Sharpe's Mission is a British television drama, the 11th of a series that follows the career of Richard Sharpe, a British soldier during the Napoleonic Wars. Unlike most of the other installments of the series, this episode was not based on a novel by Bernard Cornwell.

Plot summary
After a prologue set in 1810, which introduces Major Brand (Mark Strong), a British officer serving with Richard Sharpe (Sean Bean), the plot fast-forwards to present-day 1813, where France is losing the war. Major Sharpe is teamed with Brand, now a Colonel renowned for leading a small band of soldiers operating far behind enemy lines. Wellington (Hugh Fraser) assigns them the task of blowing up a store of gunpowder vital to French General Calvet (Olivier Pierre). To do this, they need the expertise of explosives expert Major Pyecroft (Nigel Betts). Major General Ross (James Laurenson), Wellington's head of military intelligence, will accompany them to evaluate Calvet's intentions.

Meanwhile, a Gypsy family stumbles upon a secret meeting between a French colonel and a masked Colonel Brand, with one of his men.

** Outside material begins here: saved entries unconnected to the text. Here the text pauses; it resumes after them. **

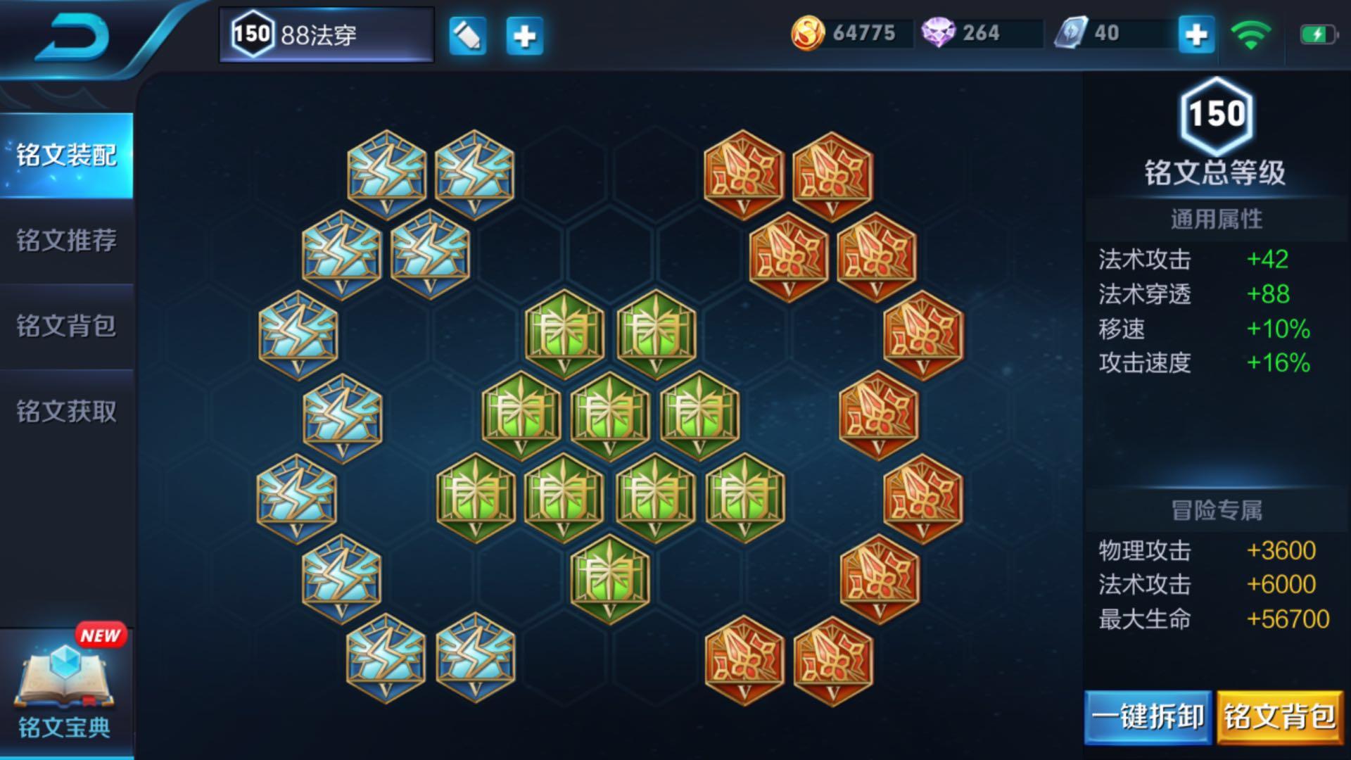 铭文法穿只有88点,心眼6.4,10个64,梦魇2.4,10个24,加起来就是88点,
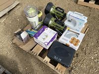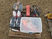 88 Fluorescent Lights(Unused), (2) Micro Wall Pak Lights, (2) Electric Bale String Cutters, Wooden Box
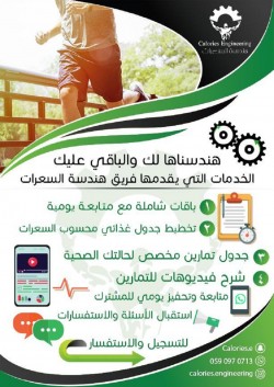 ⚙️ برنامج هندسة السعرات⚙️ 💫نضمن لكم حياة صحية 💫 الان مع هندسة السعرات نوفر لكم أنظمة غذائية مع متخصصين تغذية ومدربين رياضة. تناسب حتياجاتكم تحت باقات متنوعة: ⚙️ باقة نزول الوزن باقة يتم فيها تخطيط برنامج غذائي يساعد على نزول الوزن بشكل صحي ومدروس ... |
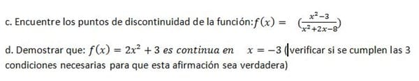 $$\begin{align}&x=\frac{-2\pm \sqrt{4+32}}{2}=\frac{-2\pm6}{2}=-4\;y\;2\end{align}$$Luego la función es continua en R -{-4, 2}

The interrupted plotters pursue and kill the Gypsies, except for a young woman, Zara (Berrin Politi), who manages to hide. Afterwards, she starts to bury her dead parents, only to flee when another masked man appears. However, it turns out to be Pyecroft, whose face was disfigured by a bomb accident. He digs the graves and takes Zara under his protection.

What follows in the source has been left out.